The task » Write out an exact copy of the line containing "当前位置: 首页 >广东省广州市纹身店-子仲刺青纹身图案>【达摩蛋】纹身图片_手臂手部New" and all lines that follow it in the data below, leaving out pictures.

(Supplied data)

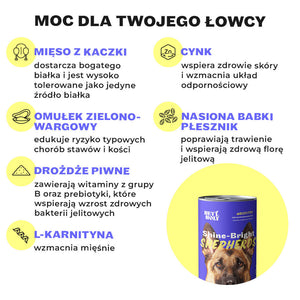 Im Shine-Bright Shepherds Futter verzichten wir bewusst auf die häufigsten Auslöser von Unverträglichkeiten und somit Magen-Darm-Problemen. Unser Futter ist getreidefrei und wir verarbeiten eine einzige tierische Proteinquelle - hochverträgliche Ente. Darüber hinaus verbessern die enthaltene Bierhefe, Flohsamen und Extrakte aus der Yucca schidigera Pflanze die Verdauung und fördern eine gesunde Darmflora.
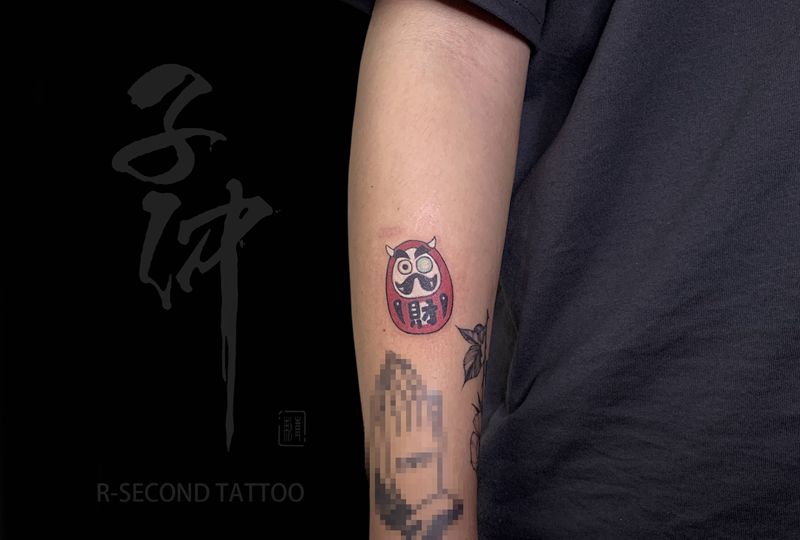 当前位置: 首页 >广东省广州市纹身店-子仲刺青纹身图案>【达摩蛋】纹身图片_手臂手部New School达摩达摩蛋日式卡通纹身图案
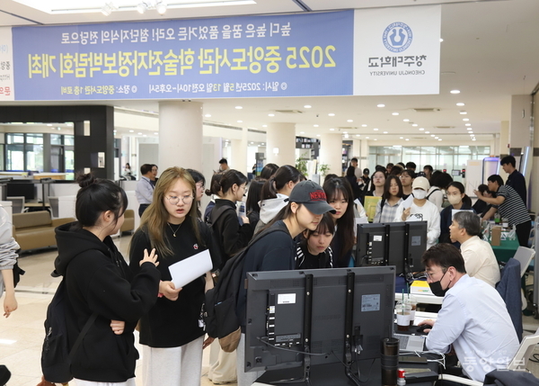 청주대(총장 김윤배)가 13일 중앙도서관에서 교직원과 학부, 대학원생의 학술연구 활동 지원과 전자정보 자료 활용 극대화를 위해 ‘2025 학술전자정보박람회’를 진행했다.

(End Supplied data)

Response area »
 当前位置: 首页 >广东省广州市纹身店-子仲刺青纹身图案>【达摩蛋】纹身图片_手臂手部New School达摩达摩蛋日式卡通纹身图案
 청주대(총장 김윤배)가 13일 중앙도서관에서 교직원과 학부, 대학원생의 학술연구 활동 지원과 전자정보 자료 활용 극대화를 위해 ‘2025 학술전자정보박람회’를 진행했다.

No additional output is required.